[prev in list] [next in list] [prev in thread] [next in thread]
List: dri-devel
Subject: TTM API / functionality fixes (Was Re: Xorg 7.4 release plan)
From: Thomas Hellström <thomas () tungstengraphics ! com>
Date: 2008-02-29 10:08:53
Message-ID: 47C7D9B5.2050804 () tungstengraphics ! com
[Download RAW message or body]
Eric Anholt wrote:
> On Thu, 2008-02-28 at 10:08 +0100, Thomas Hellström wrote:
>
>> Eric Anholt wrote:
>>
>>> On Thu, 2008-02-28 at 06:08 +1000, Dave Airlie wrote:
>>>
>>>
>>>>> I wasn't planning on a Mesa 7.1 (trunk code) release for a while, but I
>>>>> could finish up 7.0.3 at any moment. I have to admit that I haven't
>>>>> actually tested Mesa 7.0.3 with current X code in quite a while though.
>>>>>
>>>>> Before Mesa 7.1 I'd like to see a new, official DRM release. Otherwise,
>>>>> it's hard to identify a snapshot of DRM that works with Mesa. I know I
>>>>> always have trouble with DRM versioning otherwise.
>>>>>
>>>>> Is there any kind of roadmap for a new DRM release?
>>>>>
>>>>>
>>>> When TTM hits the kernel, I'll release a libdrm to work with that and
>>>> solidify the API,
>>>>
>>>> however people keep finding apparently valid reasons to pick holes in
>>>> the TTM API, however I haven't seen the discussion brought up in the
>>>> few weeks since.
>>>>
>>>>
>>> http://cgit.freedesktop.org/~anholt/drm/log/?h=drm-ttm-cleanup-2
>>>
>>> has some I believe obvious cleanups to the API, removing many sharp
>>> edges. At that point the BO parts of the API are more or less tolerable
>>> to me. The fencing code I don't understand and am very scared by still,
>>> but most of it has left the user <-> kernel API at least.
>>>
>>>
>> Some important comments about the API changes, starting from below.

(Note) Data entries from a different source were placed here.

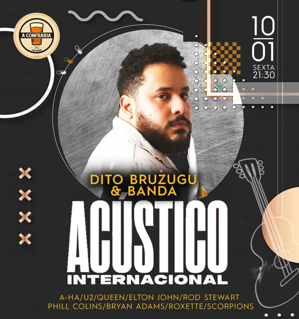 Na sexta, 10, no Confraria, Dito Bruzugu realizou show de despedida dos palcos em nossa Capital de Dito Bruzugu. Com uma super banda com violões, piano, violino e tudo que merecemos, Dito apresentou um show de baladas rock internacionais acústicas dos anos 80 e 90 de A-HA, U2, Queen, Elton John, Rod Stewart, Phill Colins, Bryan Adams, Roxette, Scorpions, Bon Jovi e muito mais em versões acústicas. Foi sensacional!
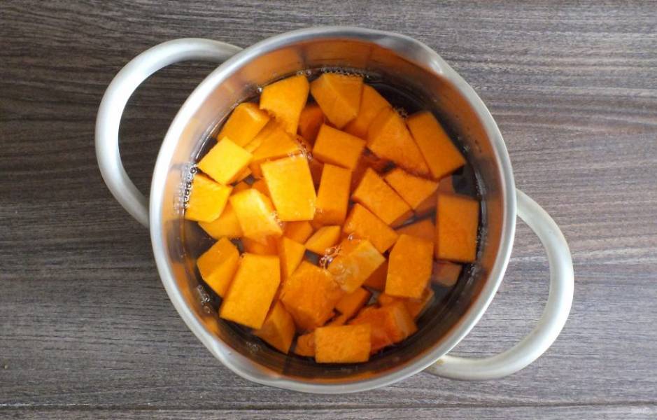 Очистите тыкву от кожуры, нарежьте средними кусочками. Залейте водой так, чтобы она слегка покрывала тыкву. Поставьте на умеренный огонь, варите до готовности тыквы.
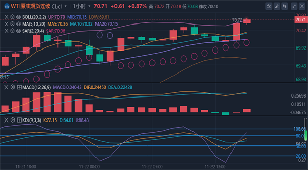 美原油亚盘时段延续昨日上涨,交投于70.40美元/桶附近,基本面上尽管美元指数继续走高,但依然未能限制
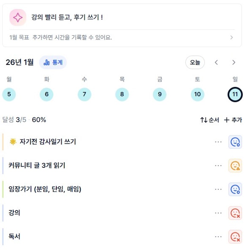 다만, 내가 강의를 소홀히 들었던 날도 있었고, 그런 날은 마음이 불편했는데 앞으로는 하루에 1차시라도 듣고 자야겠다는 생각이 든다. (나를 위해! ㅎㅎ)
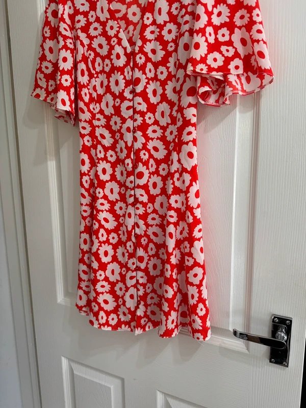 The ASOS Design Red & White Daisy Floral Button Tie Up Dress is available in sizes M.
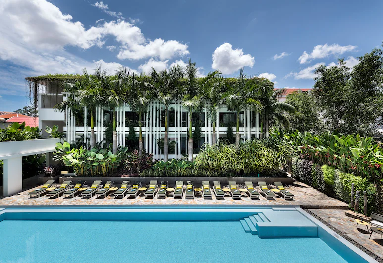 In addition, the hotel is located in a very peaceful environment. The hotel itself is very inspired by the 1950s, with a vintage design but at the same time very modern. What we like a lot, too, in the decor, are the white walls which provide a magnificent contrast with the many colorful and elegant objects that complete the look. There are also several gardens and green areas, in addition to having, of course, a large outdoor swimming pool for swimming or just lounging.
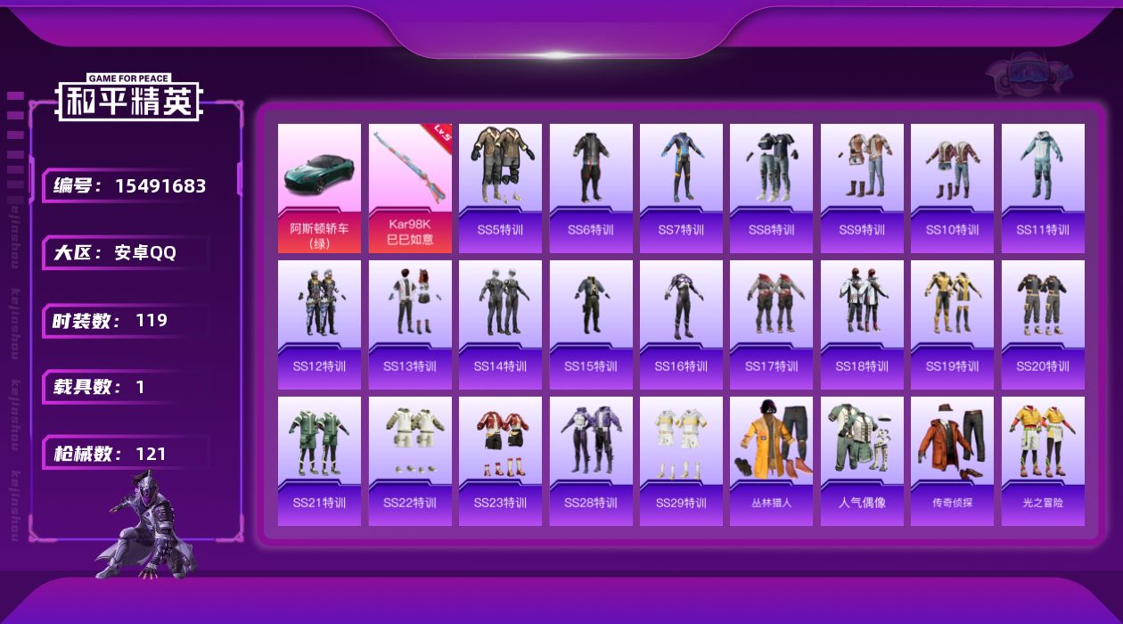 [15491683]【1692】安卓 手Q-0粉装-1特效枪-1载具-0粉色飞行器-37553热力值-1王牌印记-119套装-121枪皮
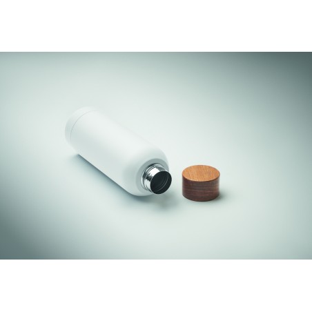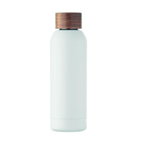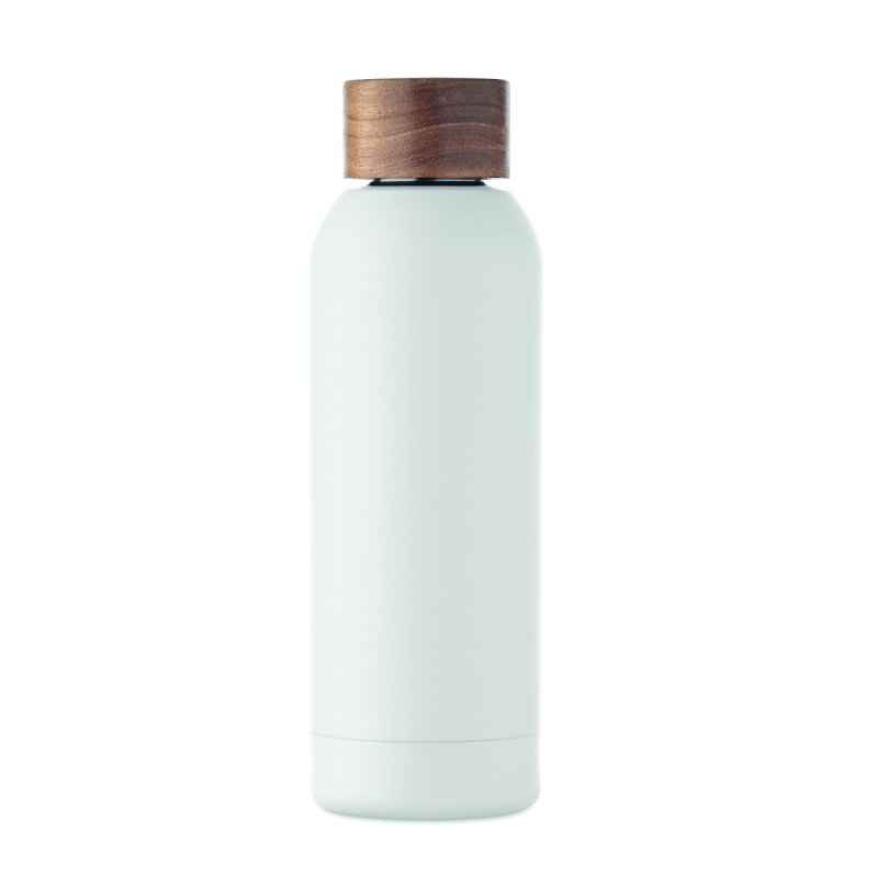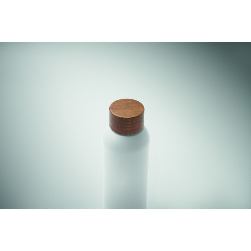 Bouteille à simple paroi en acier inoxydable recyclé à 90 % et acier inoxydable à 10 %, avec finition en caoutchouc et couvercle en bois d'acacia. Anti fuite. Capacité : 700 ml. Comme il s'agit d'une simple paroi, un transfert de chaleur peut encore se produire.
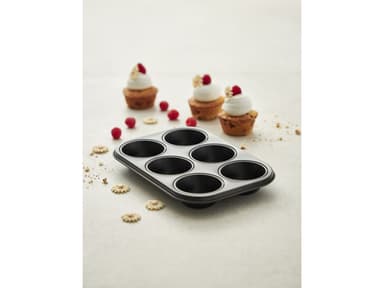 Muffinform med 6 rum/hål, tillverkad i stål med non-stick-beläggning som släpper lätt och är enkel att rengöra. Varje hål, dia. 7,1 cm, rymmer 0,08 liter, och formen används för bakning av alla typer av muffins, portionskakor och bullarLäs mer om produkten
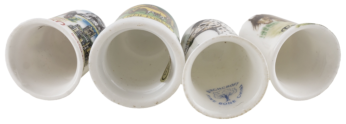 Маркировка: "Lambert Souvenir. Bone china England", "Bone china. Made in England", "Birchcroft. Fine Bone china", один наперсток с наклейкой, один - в тубе.

>> Remove DRM_BO_FLAG_FORCE_MAPPABLE, Yes that can go away.
>>
>> Remove DRM_BO_HINT_WAIT_LAZY. No. This flag is intended for polling only
>> hardware, and has no use at all in the intel driver once the sync
>> flushes are gone. The fact that you ever saw a difference with this flag
>> is that there was a bug in the execbuf code that caused you to hit a
>> polling path in the fence wait mechanism.
>>
>> Ignore DRM_FENCE_FLAG_WAIT_LAZY. NO. Same as above.
>>
>
> OK. We should clarify this in the ioctl descriptions so that people
> with sane hardware know that the flags are ignored.
>
Indeed. The lack of documentation is disturbing and should be fixed asap.
>
>> Remove unused DRM_FENCE_FLAG_WAIT_IGNORE_SIGNALS. Yes that's OK.
>>
>> Remove DRM_FENCE_FLAG_NO_USER No. Used by the Poulsbo X server EXA
>> implementation and is quite valuable for small composite operations.
>>
>> Remove DRM_BO_FLAG_CACHED_MAPPED and make that a default behaviour.
>> No!!! We can't do that!!!
>> DRM_BO_FLAG_CACHED_MAPPED is creating an invalid physical page aliasing,
>> the details of which are thoroughly explained here
>>
>
> I may have said it wrong: Make DRM_BO_FLAG_CACHED_MAPPED the default
> behavior if the platform can support it. The point is that it should
> not be userland interface -- if the kernel can manage it, then just do
> it. Otherwise, don't. I'd rather see us disable the performance hack
> for now than leave a go-faster switch in the interface.
>
> Going back over the commit, I didn't make the better behavior
> conditional on the platform being able to do it. Oops, I need to fix
> that.
>
>
Yes, hmm, as I see it there are three performance problems that
DRM_BO_FLAG_CACHED_MAPPED attempts to address:
1) The buffer creation latency due to global_flush_tlb(). This can be
worked around with buffer /page caching in a number of ways (below) and
once the wbinvd() is gone from the main kernel it won't be such a huge
problem anymore.
a) kernel pool of uncached / unmapped (highmem-like) pages. (Not likely
to occur anytime soon)
b) A pre-bound region of VRAM-like AGP memory for batch-buffers and
friends. Easy to set up ands avoids flushing issues altogether.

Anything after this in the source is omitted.